Maveri: il link al post di Chan era per le idee operative proposte alla fine del post piu' che per la discussione sull'antifragile. Probabilmente roba nota per i maghi dell'opzionario, ma magari interessante per altri (fra cui me

):
"But recently a reader recommended a little book to me: Jeff Augen's "Day Trading Options" where the Black-Scholes equation (and indeed any equation) is mercifully absent from the entire treatise. At the same time, it is suffused with qualitative ideas. Among the juicy bits:
1) We can find distortions in the 2D implied volatility surface (implied volatility as z-axis, expiration months as x, and strike prices as y) which may mean revert to "smoothness", hence presenting arbitrage opportunities. These distortions are present for both stock and stock index options.

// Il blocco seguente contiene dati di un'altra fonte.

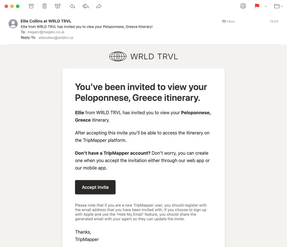 Open the email you've received from your travel adviser and tap on the “Accept Invite” button.
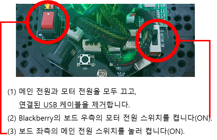 모터 전원 스위치를 켜면 기존에 저장된 프로그램이 실행되어 Blackberry가 갑자기 움직일 수도 있으니 주의해야 합니다. 액츄에이터를 사용하지 않을 경우 스위치는 off 상태로 두어도 됩니다.

2) Options are underpriced intraday and overpriced overnight: hence it is often a good idea to buy them at the market open and sell them at market close (except on some special days! See 4 below.). In fact, there are certain days of the week where this distortion is the most drastic and thus favorable to this strategy.
3) Certain cash instruments have unusually high kurtosis, but their corresponding option prices consistently underprice such tail risks. Thus structures such as strangles or backspreads can often be profitable without incurring any left tail risks.
4) If there is a long weekend before expiration day (e.g. Easter weekend), the time decay of the options value over 3 days is compressed into an intraday decline on the last trading day before the weekend.
"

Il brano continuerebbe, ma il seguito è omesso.